• _Description of the task_
Once the line containing "At the studio, our" appears, output it and each remaining line of the records below exactly, with no pictures and nothing more.

Saved data entries:
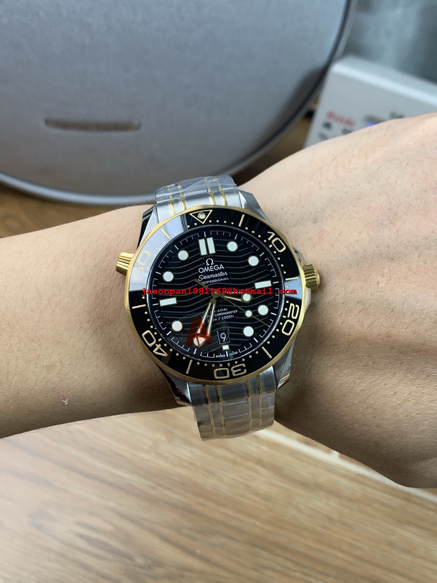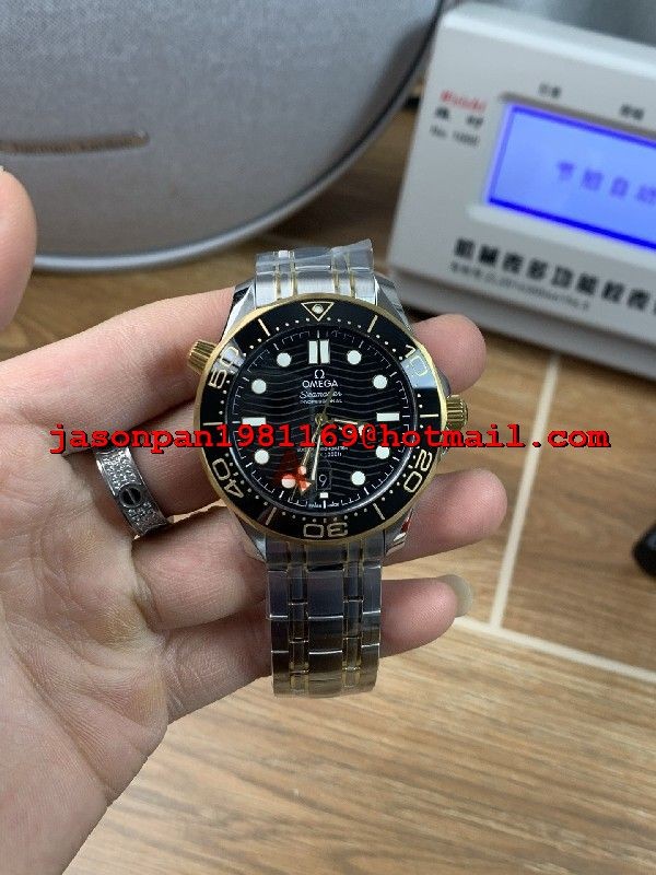 Omega SEAMASTER DIVER 300M SS/YG 1:1 BEST EDITION BLACK CERAMIC BLACK DIAL ON SS/YG BRACELET SA8800 SUPER CLONE
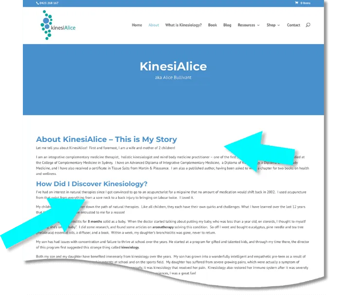 KinesiAlice has a very personal About Us page that shares some of her journey and encourages trust as she shares her qualifications and contributions that she has made to Kinesiology.
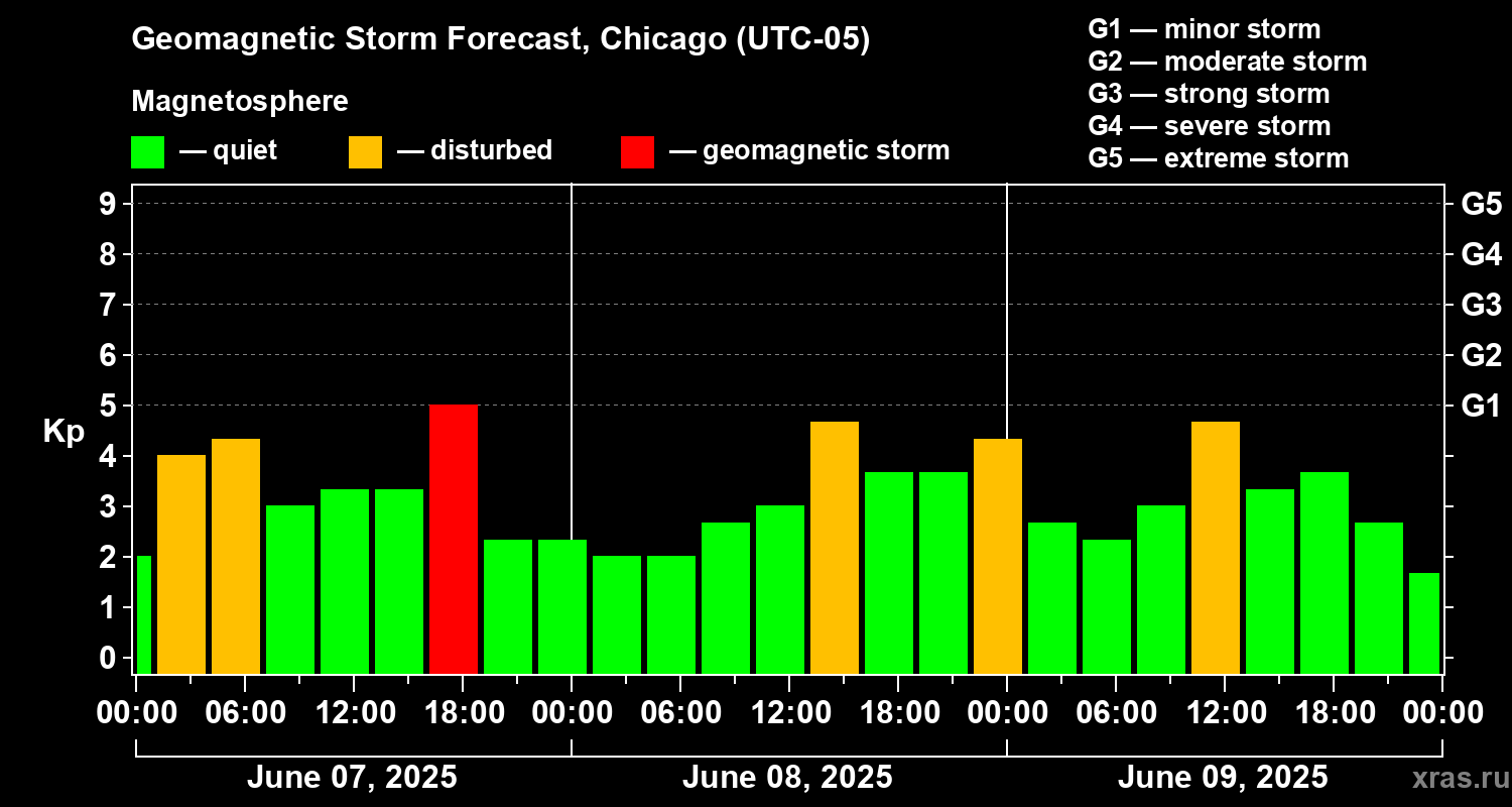 Geomagnetic storm forecast in Chicago for Jun 07, 2025
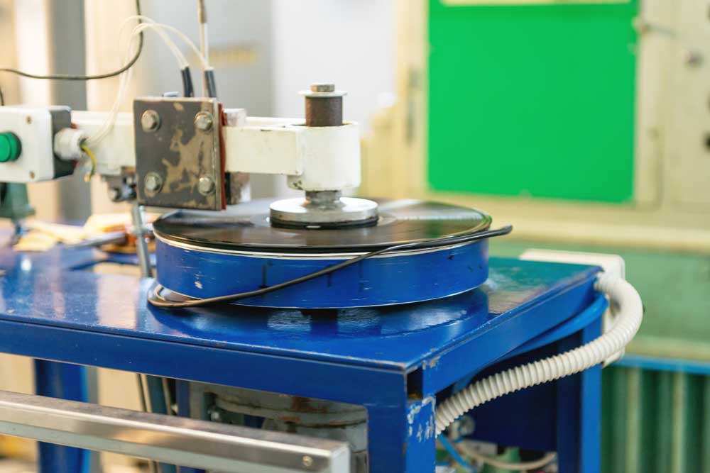 At the studio, our new shiny master discs are cut using a recording machine called a lathe.
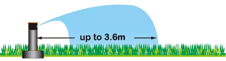 최대 분사 범위가 3.6m인 조정 가능하고 고정된 각도의 스프링클러 헤드입니다.

• _Response area_
 At the studio, our new shiny master discs are cut using a recording machine called a lathe.
 최대 분사 범위가 3.6m인 조정 가능하고 고정된 각도의 스프링클러 헤드입니다.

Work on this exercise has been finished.